I have the distribution of a sample statistics which is given by a noncentral t distribution. This distribution is dependent on the population correlation ($\rho$) which is unknown. However I have the predictive distribution of $\rho$ given an observed Pearson correlation $r$. How can I get the distribution of the sample statistics without $\rho$?
Specifically, the population is assumed binormal with means that are $\Delta$ units apart; the variances of the two measures is equal ($\sigma$) but there is correlation ($\rho$). I am interested in $\delta = \Delta / \sigma$.
The distribution of the observed standardized mean difference $d$ ($m_1 - m_2$ divided by the mean standard deviations $(s_1 -s_2)/2$) is given by
$$ \sqrt{\frac{n}{2(1-\rho)}} d \sim t'_v \bigg( \sqrt{\frac{n}{2(1-\rho)}} \delta \bigg) $$
where the degree of freedom $v$ is given by $2(n-1)/(1+\rho^2)$ (see this for the df or this for the non-central t).
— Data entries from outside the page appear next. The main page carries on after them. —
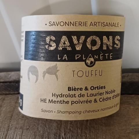 Ce shampoing est fabriqué à base de bière et d'orties. Hydrolat de laurier noble, Huile essentielle de menthe poivrée et cèdre d'atlas
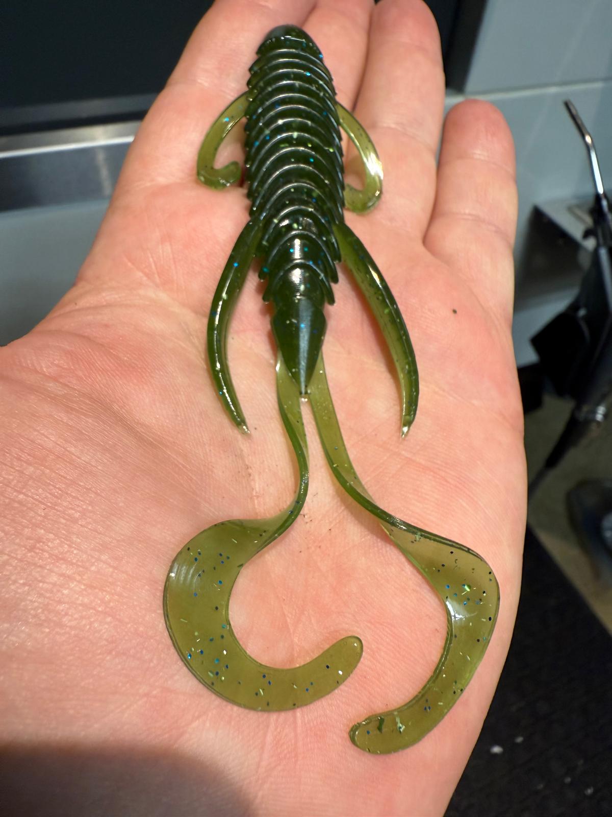 The Hogmaster F is a larger-bodied hog-style bait designed for flipping. Large ribs with tuned appendages for lots of movement on the drop or retrieve. Billet aluminum 4-cavity mold with 316 stainless hardware.
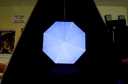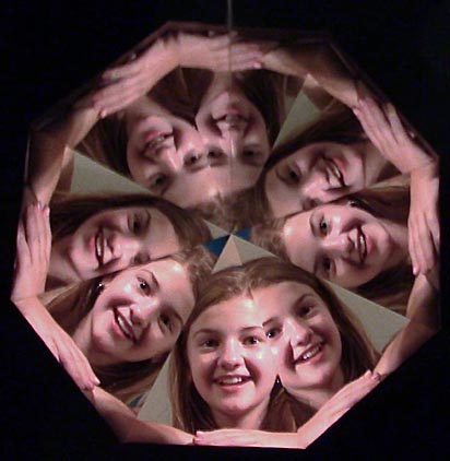 For safety, I recommend covering the exposed end edges of the mirrors with some clear tape. This won't interfere with the image very much and will prevent anyone getting cut if they brush against the sharp glass. To watch a live action version of this page and see this giant kaleidoscope in action, please click on the following YouTube link:
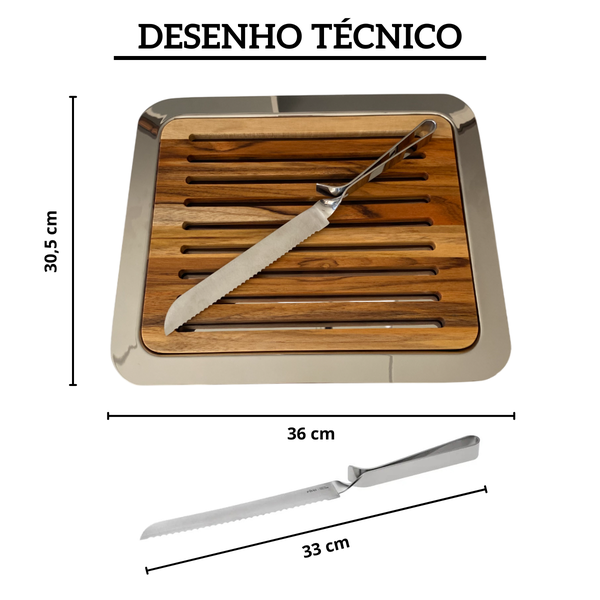 Bandeja com Migalheira e Faca de Pão Riva Cassino Aço Inox Polido ▾
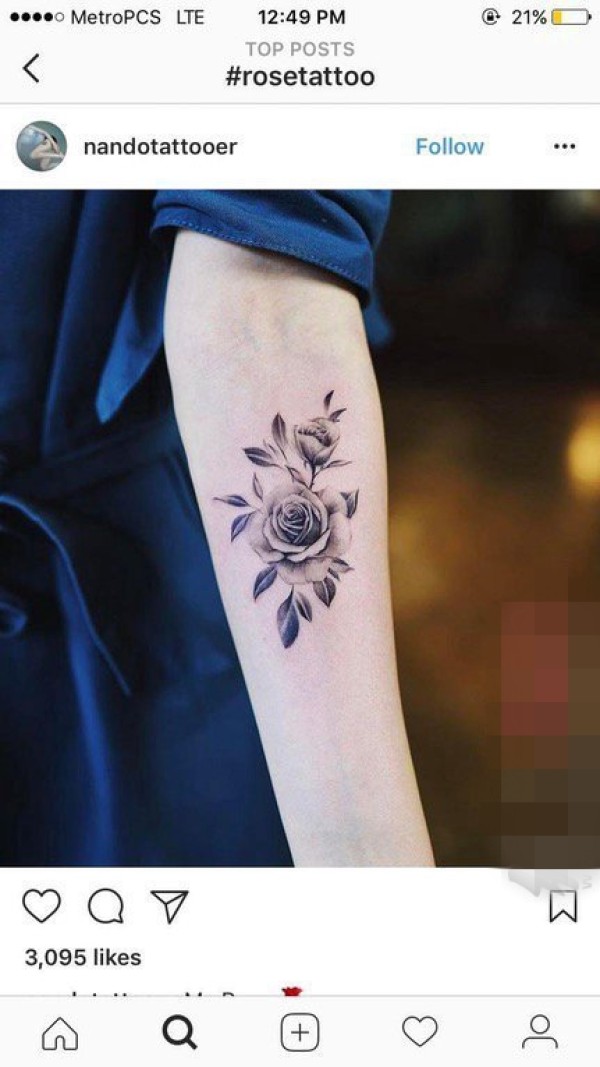 女生手臂上黑色素描文艺小清新唯美花朵纹身图案
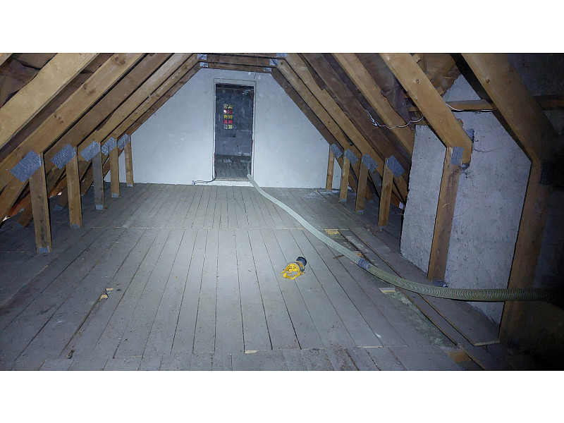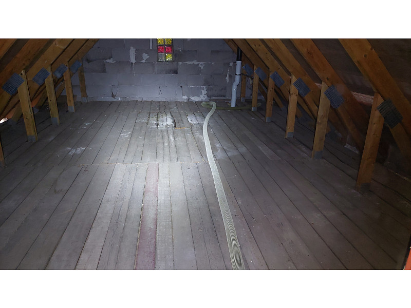 Na sádrokartonovém stropě stávajícího rodinného domu v Troubkách se již nacházela nerovnoměrná vrstva vaty. Před aplikací nové vrstvy bylo třeba zkontrolovat, zda není mezi původní vatou a záklopem mezera. Aby se vrstvy zcelily, bylo nejdříve nutné vyfoukat obvod, a to pod prkna do plna tak, aby se navázalo na stávající vrstvu izolace. Dalším krokem už bylo zafoukání volné plochy horního záklopu včetně věnce až do podbití. Cílem bylo dokonalé spojení obou vrstev a zamezení jakýchkoliv tepelných mostů. Jako materiál byla použita foukaná izolace Supafil loft, tedy minerální skelná izolace, která je velmi prodyšná, nesléhává a řadí se do třídy reakce na oheň A1, a je tedy prakticky nehořlavá. Spolu se stávající vrstvou izolační vaty vzniklo dokonalé zateplení stropu. Poptejte si zateplení od Poctivé izolace i Vy. Pracujeme rychle, efektivně a hlavně poctivě. Vyzkoušejte si nás.
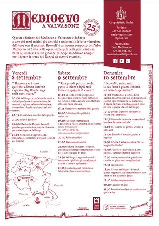 Il tema. Quest’anno il tema sarà dedicato a uno dei miti più antichi e universali: l’eroe leggendario Beowulf che lotta e sconfigge dei mostri epici. Beowulf prende il nome dal poema composto nell’Alto Medioevo che è una delle opere principali della poesia inglese, dove si narrano le imprese che il giovane principe scandinavo compie per liberare la terra dei Danesi da mostri assassini. Le gesta dell’eroe saranno raccontate nelle tre giornate della rievocazione, nel Teatro dei Misteri: sarà una grande rappresentazione teatrale itinerante per le vie e le piazze del borgo che consentirà al pubblico di sentir narrare delle antiche gesta dell’eroe leggendario dei Geati: il grande Beowulf.
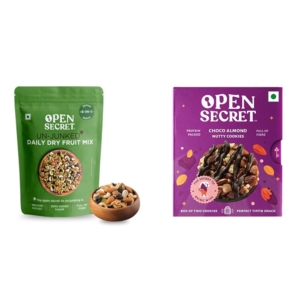 Open Secret Premium Daily Dry Fruit Mix | 6 in 1 Mixture | 1kg + 28 Choco Almond Cookies
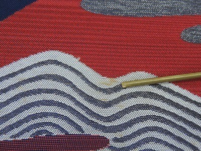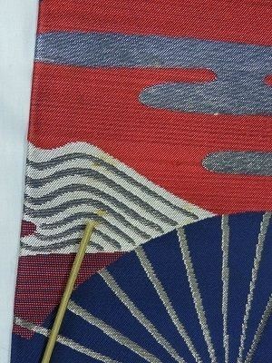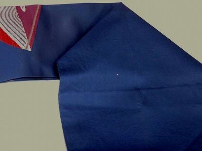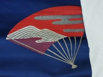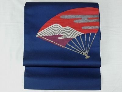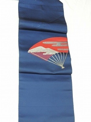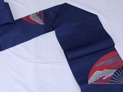 名古屋帯 化繊 紺色 扇 お太鼓柄 中古 n67★喜香★
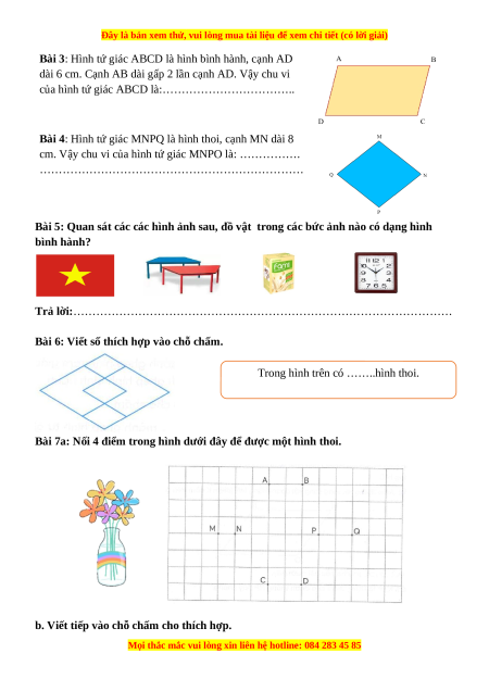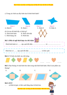 Bài 5: Bạn Hoàng vẽ một hình thoi nằm trong một hình bình hành. Đâu là sản phẩm của Hoàng? A. B. C. D. Bài 6: Đ/S? …
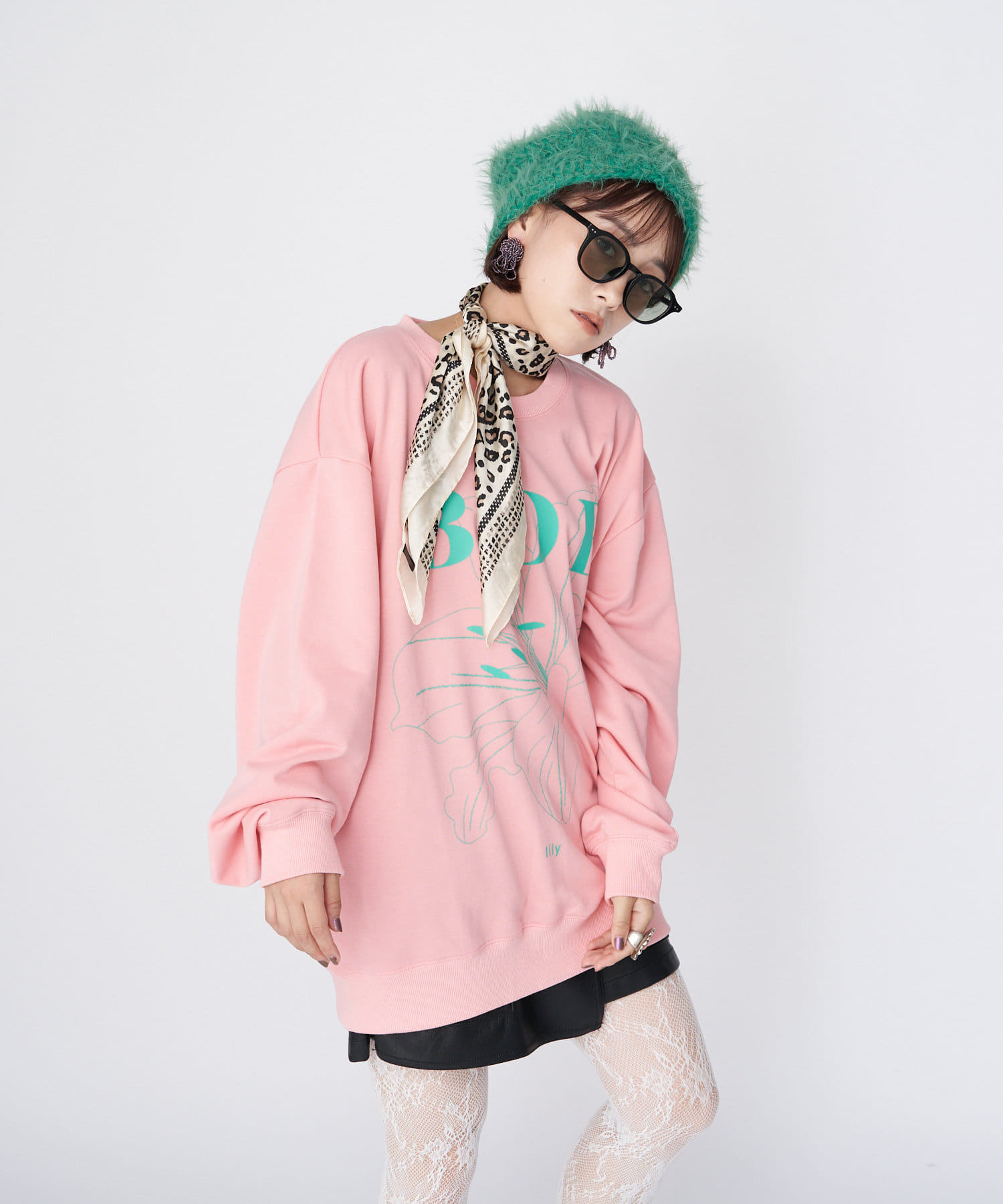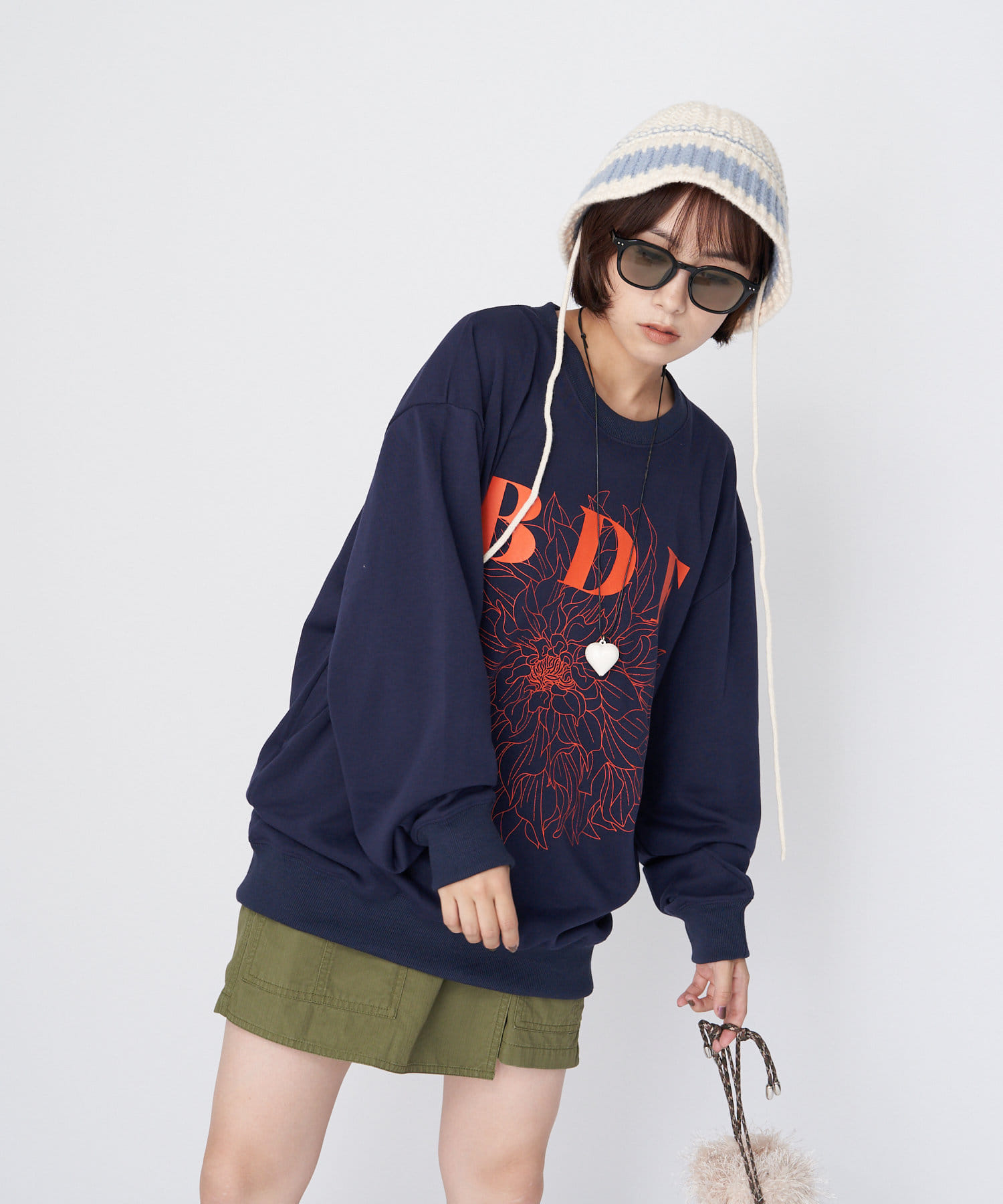 華やかなフラワープリントが目を惹く、リラックス感たっぷりのオーバースウェット。
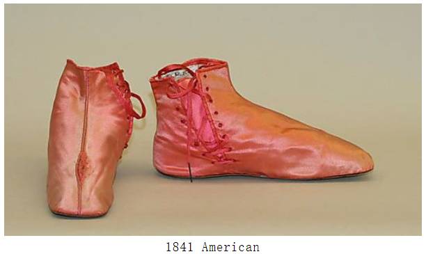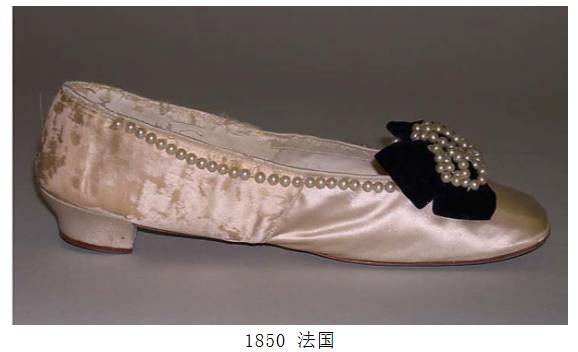①拖鞋:用丝绸、绉纱制成,颜色与裙装相配,鞋跟较浪漫主义时期变高。

To get a distribution based on the observed $r$, say $F(d \;\vert\; \delta, r)$, I intuitively believed that I could "integrate out" the correlation with
$$ \int_{-1}^{+1} f(\rho \;\vert\; r ) F( d \;\vert\; \delta, \rho) \;\mathrm{d} \rho $$
where $f(\rho \;\vert\; r)$ is the predictive density distribution of $\rho$ given an observed $r$ and $F(d \;\vert\; \delta,\rho)$ is the above cumulative distribution function.
However, this does not seem to be the right approach (running extensive simulations, the quantiles estimated from numerical integration are close but not exact). Is my approach sound? is there a difference approach?